The UOC Library on Erasmus10/07/18
Maria Boixadera and Albert Cervera share their respective experiences at the Tromsø (Norway) and KU Leuven (Belgium) university libraries.
Maria Boixadera holds up four fingers. She is an Erasmus veteran and, counting the University of Tromsø, has now visited four universities through this mobility programme. For Albert Cervera, on the other hand, this is his first international experience.
We break the ice by asking them about their expectations while packing their suitcases.
Maria: “I wanted to know how the University of Tromsø manages scholarly journals and about the system for evaluating science in Norway. For me, it was an opportunity to meet other professionals, learn about what they do and how they do it and, if the opportunity arises, explain the UOC model. In short, a way of exchanging knowledge”.
Albert: “My objective was to learn how a library operates in an important university like KU Leuven, which is one of the top European universities according to university rankings like the QS. Above all, I wanted to know how they use online technologies for students (tutorials, sessions, etc) and learn about the relationship between librarians and the academic community”.
Oh, you do MOOCs?
Maria: “I don’t know if this happened to you as well Albert, but in my case the concept of online university really surprised them”.
Albert: “Absolutely…I explained it to them and they said, 'And the library? 'That’s online too'. They were surprised. 'And how do the students learn?' 'Via a totally virtual learning environment.' 'Oh, you do MOOCs?' 'We also do them, but it's not just that…'”.
Maria: “Now that you mention it, they did like the idea of the MicroMOOC we did at the UOC during open access week. You realize that the starting point and the environment of the UOC are always online and its initiatives are different to those of other universities. At on-site universities priority still cannot be given to the online environment, given that managing the on-site environment takes precedence: opening times, front desk, buildings, etc. Its odd because in spite of this, the motto of the Tromsø library is 'online first'”.
Sitting on the fence
Maria: “The Scandinavian countries are much more advanced than our country in terms of public policies. For them open access has been a reality for ten years and they do not conceive any alternative. By contrast, we are in constant contradiction: the system for evaluating research is not sufficiently coherent with the policies of open access and does not exist within a climate of trust between the evaluator and the person being evaluated. For example, in Norway the impact factor is not used for evaluation calls and the Library does not even know what it is. The government keeps a list of creditable journals and a record is kept of everything published. Now the policy in Norway has reached a point where soon anyone who does not publish in open access will not receive funding”.
Albert: “I noticed that they are very advanced in the management of research data. Researchers are well aware that when they do a research project, they have to publish it, and its data, in the repository.
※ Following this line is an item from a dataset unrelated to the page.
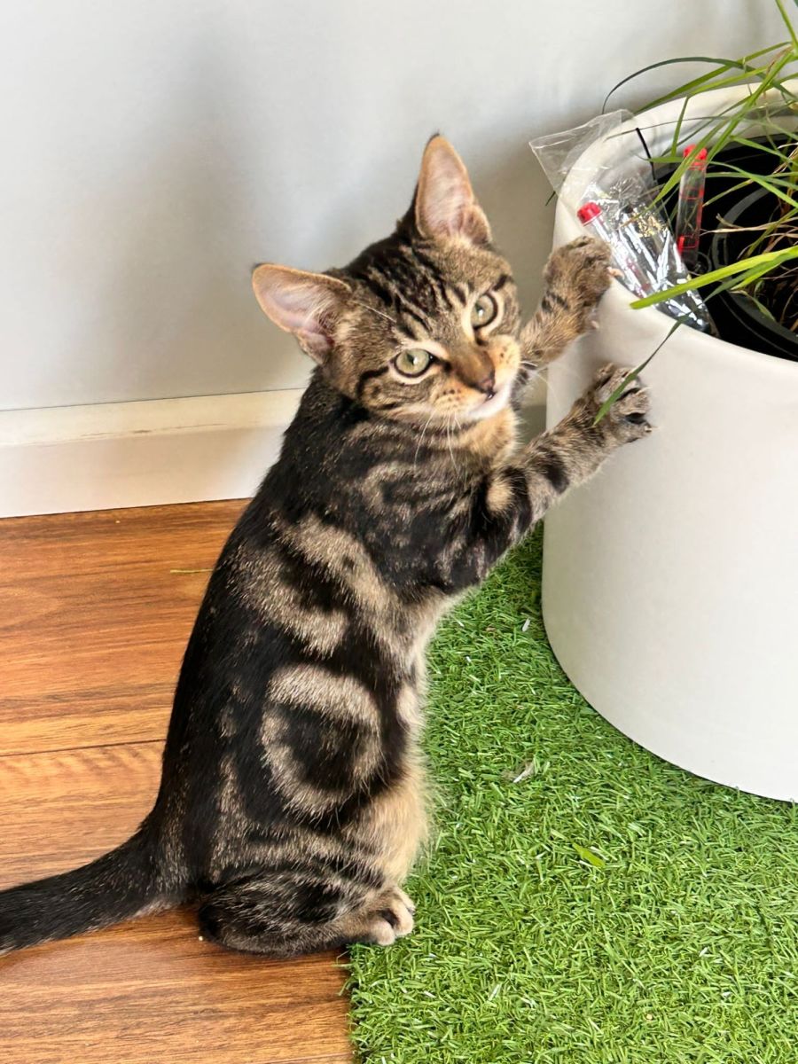 Syd is an outgoing and playful rescue cat who loves being around humans. He is full of energy and loves to explore, making him an adventurous companion for any family looking for a furry friend. Despite his independent streak, Syd loves snuggling up to his humans and can often be found asking for belly rubs.

And this is a matter of institutional policy; in other words, it is not because they want to, but because they have to".
Maria: “Yes, they also explained to me that when researchers submit a research project they now have to include a data management plan, and the Library is part of the committee that validates whether or not this plan will encounter any problems. And, because they have a good operating context, money, policies and qualified personnel, when they receive a mandate to publish data in open access like Horizon 2020, they have no difficulty in implementing it. In fact, they have had a research open data repository and a department that runs it for three years now”.
Albert: “Exactly, it’s the same at KU Leuven. Here we lack the resources”.
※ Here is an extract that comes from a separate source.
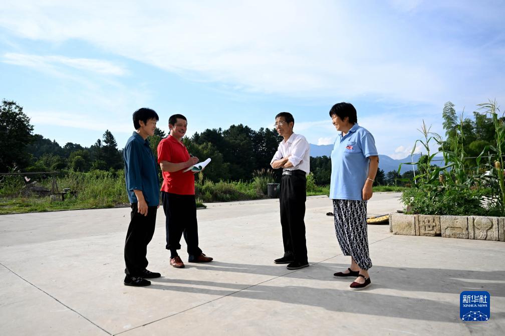 8月11日,在安徽天馬國家級自然保護區天堂寨管理站,王克東和高開玉向村民宣傳森林防火知識。

Maria: “In Spain, our skills, professional profiles, drive and even how we perceive things are very similar. The only difference is that in Norway they can carry their projects out and here it’s more difficult. This makes me think that in the same way we talk about a digital divide, I also believe that an open acess divide is starting to establish itself.
The role of the librarian
Maria: “I liked the communicative relationship they have with professors: they speak to each other on the same level and the Library has the same authority as the academic community. I asked them how they had achieved this and they told me that, obviously, authority is not earned overnight. Being a relatively small university, communication is easier and it has always been considered just another faculty. The Library also does its own research and they can also request research projects, for example”.
Albert: “In my case I noticed that they tend to be highly skilled technically speaking. These are librarians but also computer experts."
Maria: “Yes, and in Norway they acknowledged, and not always positively, that they have a workforce with a very heterogeneous professional profile”.
Makerspaces and online laboratories
Albert: “Online laboratories and makerspaces are among their main goals. Creating learning spaces for socializing. Taking libraries and removing the books, the tables, etc”.
Maria: “Yes in Norway too: digital first and transforming the space”.
Albert: “Exactly! Transforming the space to make it for socializing, group work, labs, studying and promoting professionalization”.
Albert Cervera holds a degree in Catalan Language and Literature (UB) and a postgraduate diploma in Language Correction and Support in Catalan (UAB). She specialized in the fields of quality, standards and policies and also in publishing strategies for scholarly journals. .
Maria Boixadera holds degrees in Language and Literature (UB) and Information Science (UOC). His work experience has focused on university libraries and he has been working at the UOC Library for twelve years.